Closed order-flow-labs closed 1 year ago
There is a nice CPU efficient input format implemented in VW (Flatbuffers)
Command line example: vw --cb_force_legacy --cb 2 -d train-sets/rcv1_raw_cb_small.fb --flatbuffer
Unfortunately, this feature is off by default. You can turn it on when you build VW.
https://github.com/VowpalWabbit/vowpal_wabbit/blob/de5230316aa60f77704a08cb8d95a175cd50fe67/CMakeLists.txt#L53
Here is the schema: https://github.com/VowpalWabbit/vowpal_wabbit/blob/master/vowpalwabbit/fb_parser/schema/example.fbs
Helpful reference. Converting to flatbuffers https://github.com/VowpalWabbit/vowpal_wabbit/blob/master/test/runtests_flatbuffer_converter.py
There are extensive tests for this feature: https://github.com/VowpalWabbit/vowpal_wabbit/blob/de5230316aa60f77704a08cb8d95a175cd50fe67/test/core.vwtest.json#L3100
If you feel you can contribute some time to the projects, we welcome your involvement. The following link is a PR that's almost ready to go. It defines a more compact Flatbuffer format with similar performance. I am happy to guide you through it if you would like to push forward with it. C++ experience would be very helpful. https://github.com/VowpalWabbit/vowpal_wabbit/pulls?q=is%3Apr+is%3Aclosed+flatbuffer
Please note that the input format in the PR above is where we want to eventually end up.
Feel free to reach out to me if you would like to push this item forward for the benefit of the community.

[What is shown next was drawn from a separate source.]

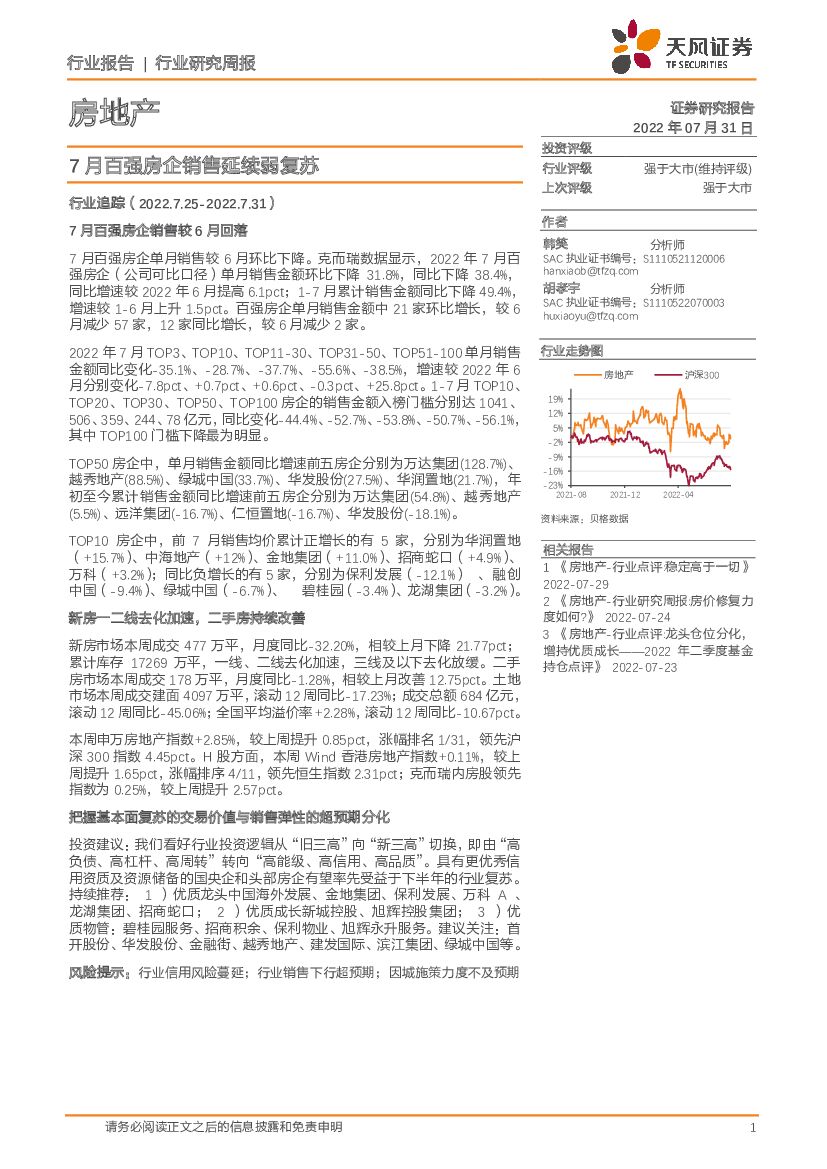 天风证券:房地产行业研究周报:7月百强房企销售延续弱复苏.pdf

Closing for now, please feel free to re-open
Add support for allowing binary input files
Short description
As far as I can tell from the documentation there is not support for binary files as the input source for VW. I have VW integrated into a pretty extensive research system that generates massive files (TB+ sizes). The data set generation process is geared towards regressions where the data is very well defined and consistently formatted. The bottleneck comes from the feature generation process having to write floats to text files (which is a notorious slowdown). Furthermore VW just reads this in and parses the string representation of the float back into a float. Support for just reading inputs from a binary file with a schema flag would allow for a substantial speed up for a lot of use cases.

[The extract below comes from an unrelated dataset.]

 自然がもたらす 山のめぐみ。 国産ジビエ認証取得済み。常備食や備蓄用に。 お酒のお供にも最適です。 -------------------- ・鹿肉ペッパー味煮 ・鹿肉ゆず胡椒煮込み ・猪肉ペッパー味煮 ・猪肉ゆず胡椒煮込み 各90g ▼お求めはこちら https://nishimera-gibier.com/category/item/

How this suggestion will help you/others
This would lead to a much faster research process, a speed up on the VW side too as parsing inputs is not required. Raw casting of the byte buffers to floats usually has no measurable overhead in C++. It wouldn't be a feature all users of VW would need but there is definitely a subset which would gain a lot from this capability.
Possible solution/implementation details
new flags:
This can be implemented where lines are still delimited by '\n' but the contents leading up to it are a raw byte vector. Would only make sense for logistic/linear regression type tasks where the data is highly consistent from one record to the next.